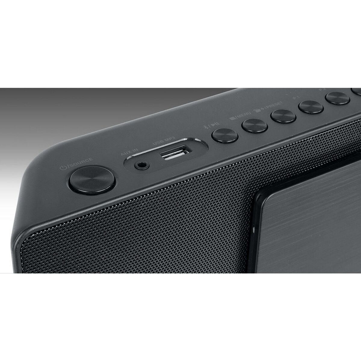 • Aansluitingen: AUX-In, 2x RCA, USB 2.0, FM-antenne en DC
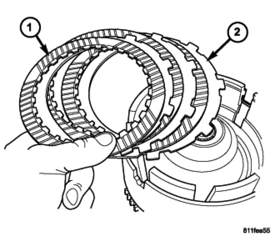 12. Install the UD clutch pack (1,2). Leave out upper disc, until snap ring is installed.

*-*-*

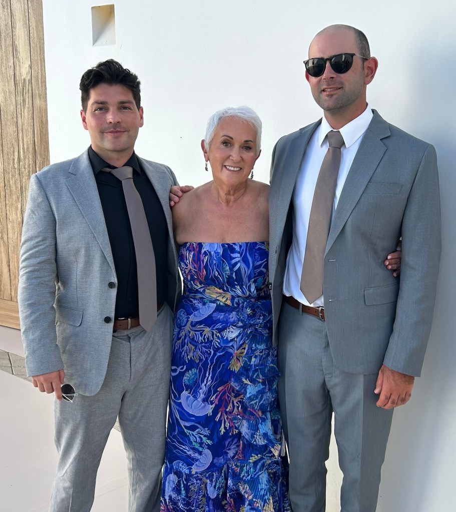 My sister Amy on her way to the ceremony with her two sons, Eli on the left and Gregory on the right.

*-*-*

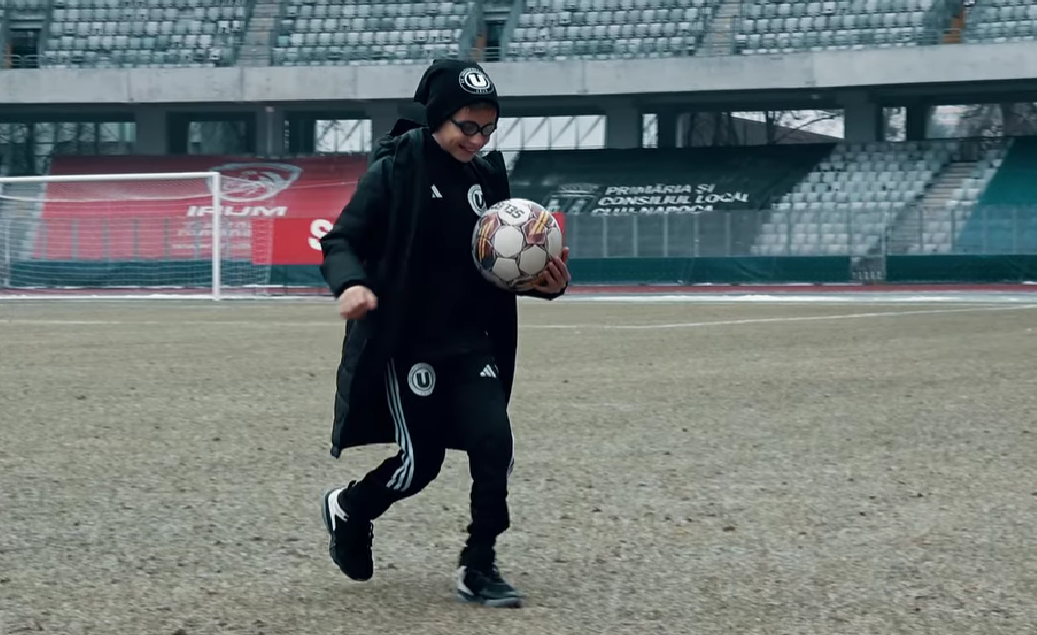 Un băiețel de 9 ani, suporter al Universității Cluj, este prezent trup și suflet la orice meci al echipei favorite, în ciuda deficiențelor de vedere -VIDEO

*-*-*

What the task asks: What you return must match, character for character, the lines above from the one with "FM-antenne en DC" through the one with "12. Install the", minus any pictures.

Task output:
 • Aansluitingen: AUX-In, 2x RCA, USB 2.0, FM-antenne en DC
 12. Install the UD clutch pack (1,2). Leave out upper disc, until snap ring is installed.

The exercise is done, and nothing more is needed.